Reflection on the 25th Week of Ordinary Time Following Jesus instead of wealth


By: Raney Johnson

Come wayward Souls,

Who wander through the darkness,

 There is a light for the lost and the meek.

Sorrow and fear,

 Are easily forgotten,

When you submit to the soil of the earth. – The Beast

 

The song above is from the miniseries Over the Garden Wall that I watched a few years ago.

 

In the cartoon, the main antagonist is a character by the name of the Beast. He is a shadowy figure with glowing eyes who stalks the forest looking for lost souls to lead astray while singing the dreary song above.

 

In the same way, there is a shadowy figure looking for lost souls in the Gospel reading from the 25th Sunday of Ordinary time. The figure in Luke’s Gospel is mammon. Jesus tells his disciples, “You cannot serve both God and mammon.” Mammon is wealth and more specifically the love of wealth that consumes the desires of a person.

 

Just as the Beast sings, mammon looks for the “lost and the meek” so that they can find consolation in material things. Mammon offers worship of itself instead of God, it is because it provides false security from “sorrow and fear.”

 

Those who begin to serve mammon think they no longer have to fear because their is enough money in the bank account or sorrow because they are able to buy whatever they please. Their whole world begins to center on money, what it can buy and the financial security money provides. God becomes unimportant and the spiritual life starts to give way more and more to materialism.

 

I sometimes find myself wandering through the darkness of life and tempted to give into the love of wealth, but I always have to remember that true healing of sorrows and fears can only come from God.

 

I can always look to the Apostles of Jesus as examples of serving God instead of mammon.

 

On the feast of St. Matthew, the Apostle and Evangelist, he does exactly what Jesus asks in the Gospel. No doubt, St. Matthew was probably serving mammon as a tax collector. Money was the center of his life, but when Jesus goes to the custom post where St.
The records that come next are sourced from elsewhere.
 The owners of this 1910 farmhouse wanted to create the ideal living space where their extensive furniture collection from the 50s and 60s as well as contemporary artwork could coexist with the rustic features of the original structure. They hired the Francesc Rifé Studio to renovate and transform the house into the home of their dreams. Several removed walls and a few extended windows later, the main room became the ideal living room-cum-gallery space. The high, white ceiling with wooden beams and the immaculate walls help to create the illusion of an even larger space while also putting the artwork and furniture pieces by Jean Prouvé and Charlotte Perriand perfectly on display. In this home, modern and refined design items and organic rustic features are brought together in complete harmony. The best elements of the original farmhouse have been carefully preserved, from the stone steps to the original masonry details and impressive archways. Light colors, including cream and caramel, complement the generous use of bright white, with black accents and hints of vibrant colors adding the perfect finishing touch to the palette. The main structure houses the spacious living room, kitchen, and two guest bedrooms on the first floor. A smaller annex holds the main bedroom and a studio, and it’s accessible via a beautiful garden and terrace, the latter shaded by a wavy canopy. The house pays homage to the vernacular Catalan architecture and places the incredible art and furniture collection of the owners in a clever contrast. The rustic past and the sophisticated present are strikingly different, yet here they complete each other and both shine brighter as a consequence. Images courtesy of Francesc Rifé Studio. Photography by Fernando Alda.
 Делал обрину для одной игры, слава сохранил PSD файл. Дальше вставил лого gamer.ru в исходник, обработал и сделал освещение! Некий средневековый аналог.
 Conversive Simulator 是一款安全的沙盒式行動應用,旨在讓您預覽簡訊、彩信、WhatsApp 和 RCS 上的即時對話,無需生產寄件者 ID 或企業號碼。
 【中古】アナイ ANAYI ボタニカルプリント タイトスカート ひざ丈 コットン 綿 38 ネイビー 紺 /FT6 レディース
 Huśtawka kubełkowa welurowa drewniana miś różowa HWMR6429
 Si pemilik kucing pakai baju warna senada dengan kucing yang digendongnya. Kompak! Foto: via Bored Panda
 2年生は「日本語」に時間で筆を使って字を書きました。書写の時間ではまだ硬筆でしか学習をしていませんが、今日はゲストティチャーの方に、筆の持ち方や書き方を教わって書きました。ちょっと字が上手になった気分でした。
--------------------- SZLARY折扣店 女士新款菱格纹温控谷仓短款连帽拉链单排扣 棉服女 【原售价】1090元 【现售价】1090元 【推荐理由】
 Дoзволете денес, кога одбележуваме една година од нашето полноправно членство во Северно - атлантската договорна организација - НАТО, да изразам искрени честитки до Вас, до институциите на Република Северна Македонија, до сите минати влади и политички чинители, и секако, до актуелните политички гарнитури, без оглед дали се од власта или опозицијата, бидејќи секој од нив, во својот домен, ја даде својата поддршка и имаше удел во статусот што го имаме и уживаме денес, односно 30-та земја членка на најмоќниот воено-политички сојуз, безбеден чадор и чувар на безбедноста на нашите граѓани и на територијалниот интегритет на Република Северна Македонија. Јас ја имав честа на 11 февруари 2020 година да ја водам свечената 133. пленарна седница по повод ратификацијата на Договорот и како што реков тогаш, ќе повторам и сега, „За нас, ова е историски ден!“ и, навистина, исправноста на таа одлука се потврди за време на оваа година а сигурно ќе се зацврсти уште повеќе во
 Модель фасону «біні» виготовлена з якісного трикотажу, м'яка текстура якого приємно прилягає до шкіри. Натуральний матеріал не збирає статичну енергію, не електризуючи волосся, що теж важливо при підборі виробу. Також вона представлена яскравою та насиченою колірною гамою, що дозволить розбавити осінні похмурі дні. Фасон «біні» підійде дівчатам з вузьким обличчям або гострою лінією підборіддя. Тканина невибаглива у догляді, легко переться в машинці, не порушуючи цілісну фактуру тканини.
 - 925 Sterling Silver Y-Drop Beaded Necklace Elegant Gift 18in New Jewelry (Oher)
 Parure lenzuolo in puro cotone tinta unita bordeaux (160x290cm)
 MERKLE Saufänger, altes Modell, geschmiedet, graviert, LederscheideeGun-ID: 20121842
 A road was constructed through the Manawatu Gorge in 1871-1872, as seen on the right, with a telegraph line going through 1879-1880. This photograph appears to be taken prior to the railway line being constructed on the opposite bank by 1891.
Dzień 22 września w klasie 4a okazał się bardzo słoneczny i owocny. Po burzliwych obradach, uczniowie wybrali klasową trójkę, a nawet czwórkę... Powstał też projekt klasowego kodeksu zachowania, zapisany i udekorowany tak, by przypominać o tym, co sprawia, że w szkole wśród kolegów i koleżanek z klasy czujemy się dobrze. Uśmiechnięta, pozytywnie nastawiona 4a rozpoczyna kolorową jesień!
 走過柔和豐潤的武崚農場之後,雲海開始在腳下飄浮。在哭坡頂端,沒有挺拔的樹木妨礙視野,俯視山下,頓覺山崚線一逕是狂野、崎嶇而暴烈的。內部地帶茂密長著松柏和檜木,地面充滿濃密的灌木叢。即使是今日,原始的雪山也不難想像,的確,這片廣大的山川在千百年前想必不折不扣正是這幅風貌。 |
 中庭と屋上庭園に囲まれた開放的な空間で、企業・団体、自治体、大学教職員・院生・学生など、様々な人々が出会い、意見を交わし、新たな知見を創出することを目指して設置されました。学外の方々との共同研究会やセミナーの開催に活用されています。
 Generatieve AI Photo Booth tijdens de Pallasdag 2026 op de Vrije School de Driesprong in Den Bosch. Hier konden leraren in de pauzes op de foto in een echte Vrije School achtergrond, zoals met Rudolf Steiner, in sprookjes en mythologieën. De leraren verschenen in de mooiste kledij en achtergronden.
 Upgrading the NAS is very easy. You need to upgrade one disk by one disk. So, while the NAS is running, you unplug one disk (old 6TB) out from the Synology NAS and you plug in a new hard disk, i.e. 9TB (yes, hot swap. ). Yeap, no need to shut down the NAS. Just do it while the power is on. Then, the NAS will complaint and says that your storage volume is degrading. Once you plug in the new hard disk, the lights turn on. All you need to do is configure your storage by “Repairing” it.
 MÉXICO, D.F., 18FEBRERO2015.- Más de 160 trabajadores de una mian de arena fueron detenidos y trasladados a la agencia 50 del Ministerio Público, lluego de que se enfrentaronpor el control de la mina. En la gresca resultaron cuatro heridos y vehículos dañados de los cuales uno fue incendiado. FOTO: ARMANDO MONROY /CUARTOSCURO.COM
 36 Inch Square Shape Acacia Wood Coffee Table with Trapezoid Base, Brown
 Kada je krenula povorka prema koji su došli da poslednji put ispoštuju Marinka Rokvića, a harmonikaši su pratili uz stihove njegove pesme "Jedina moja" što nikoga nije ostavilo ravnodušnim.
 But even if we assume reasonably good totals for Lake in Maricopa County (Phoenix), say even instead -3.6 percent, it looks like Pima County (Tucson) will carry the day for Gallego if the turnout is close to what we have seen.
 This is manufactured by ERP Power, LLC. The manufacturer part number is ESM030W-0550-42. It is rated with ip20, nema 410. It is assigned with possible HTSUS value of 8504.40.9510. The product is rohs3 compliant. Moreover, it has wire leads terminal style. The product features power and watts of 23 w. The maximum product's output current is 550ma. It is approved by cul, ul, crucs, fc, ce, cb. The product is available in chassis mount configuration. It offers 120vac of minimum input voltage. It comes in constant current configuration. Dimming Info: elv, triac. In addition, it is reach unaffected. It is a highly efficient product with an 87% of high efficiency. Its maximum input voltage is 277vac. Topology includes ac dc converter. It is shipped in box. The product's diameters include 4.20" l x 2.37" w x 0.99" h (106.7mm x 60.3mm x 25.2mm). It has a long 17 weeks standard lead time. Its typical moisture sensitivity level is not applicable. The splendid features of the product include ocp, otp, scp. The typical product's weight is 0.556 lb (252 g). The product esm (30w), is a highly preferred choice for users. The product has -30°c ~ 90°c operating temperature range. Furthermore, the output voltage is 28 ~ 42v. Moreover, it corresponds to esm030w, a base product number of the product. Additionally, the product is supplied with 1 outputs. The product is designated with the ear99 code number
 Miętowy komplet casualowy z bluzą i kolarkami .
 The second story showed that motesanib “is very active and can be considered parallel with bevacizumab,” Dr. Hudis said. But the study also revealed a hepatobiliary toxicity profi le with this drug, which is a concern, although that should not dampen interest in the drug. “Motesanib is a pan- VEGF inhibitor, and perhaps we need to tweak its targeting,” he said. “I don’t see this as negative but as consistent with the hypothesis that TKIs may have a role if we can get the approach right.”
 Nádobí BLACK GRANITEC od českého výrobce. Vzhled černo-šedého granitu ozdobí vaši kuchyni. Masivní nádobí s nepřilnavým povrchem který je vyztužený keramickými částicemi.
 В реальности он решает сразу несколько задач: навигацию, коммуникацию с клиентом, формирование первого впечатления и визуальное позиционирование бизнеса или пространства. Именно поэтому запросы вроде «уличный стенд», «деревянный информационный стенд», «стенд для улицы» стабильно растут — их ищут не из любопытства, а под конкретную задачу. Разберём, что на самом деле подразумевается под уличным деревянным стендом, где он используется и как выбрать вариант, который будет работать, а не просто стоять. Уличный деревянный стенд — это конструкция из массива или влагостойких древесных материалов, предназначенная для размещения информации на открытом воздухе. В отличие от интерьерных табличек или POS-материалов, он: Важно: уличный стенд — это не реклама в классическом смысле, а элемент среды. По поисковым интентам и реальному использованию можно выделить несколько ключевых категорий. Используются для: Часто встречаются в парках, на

Matthew was sitting and says, “Follow me,” St. Matthew gets right up and follows Jesus.

 

He does not tell Jesus his job is too good so he cannot leave or that he has to settle his financial affairs. At the moment Jesus calls St. Matthew, he immediately follows Jesus and no longer serves mammon.

 

Jesus has asked many of the men at Notre Dame Seminary to follow him and many of those men have given up houses, cars, salaries, and many other material things. I found myself always worrying about the amount of money in my bank account before seminary and what job I could find to make the amount of money I desired after graduating from college. However, after entering seminary, financial matters became secondary to my discernment of God’s call.

 

The easiest way to stop serving mammon is to discern that God is always calling each and every man and woman to a vocation. St. Matthew knew that Jesus was calling him to be greater than a tax collector. Jesus wanted him to go out and preach the Gospel.

 

Jesus wants the same for all of his followers. He wants us to put God first in life and to know that a vocation is always more important than an occupation. Whether it be married life, religious life, single life, or the priesthood, God asks every one of us to follow him.

 

Instead of listening to the song of the Beast and mammon proclaiming false security from wealth, we can listen to the words of Jesus, “Come to me, all you who labor and are burdened, and I will give you rest. Take my yoke upon you and learn from me, for I am meek and humble of heart; and you will find rest for yourselves. For my yoke is easy, and my burden light” (NAB Mt. 11:28-30). These are the words Jesus uses to call us just as he called St. Matthew so many years ago. All we have to do in turn is to follow him and serve God.

 


About the Author: Raney Johnson


Raney Johnson is a seminarian from the Diocese of Shreveport. He is in his second year of Pre-theology at Notre Dame Seminary studying philosophy.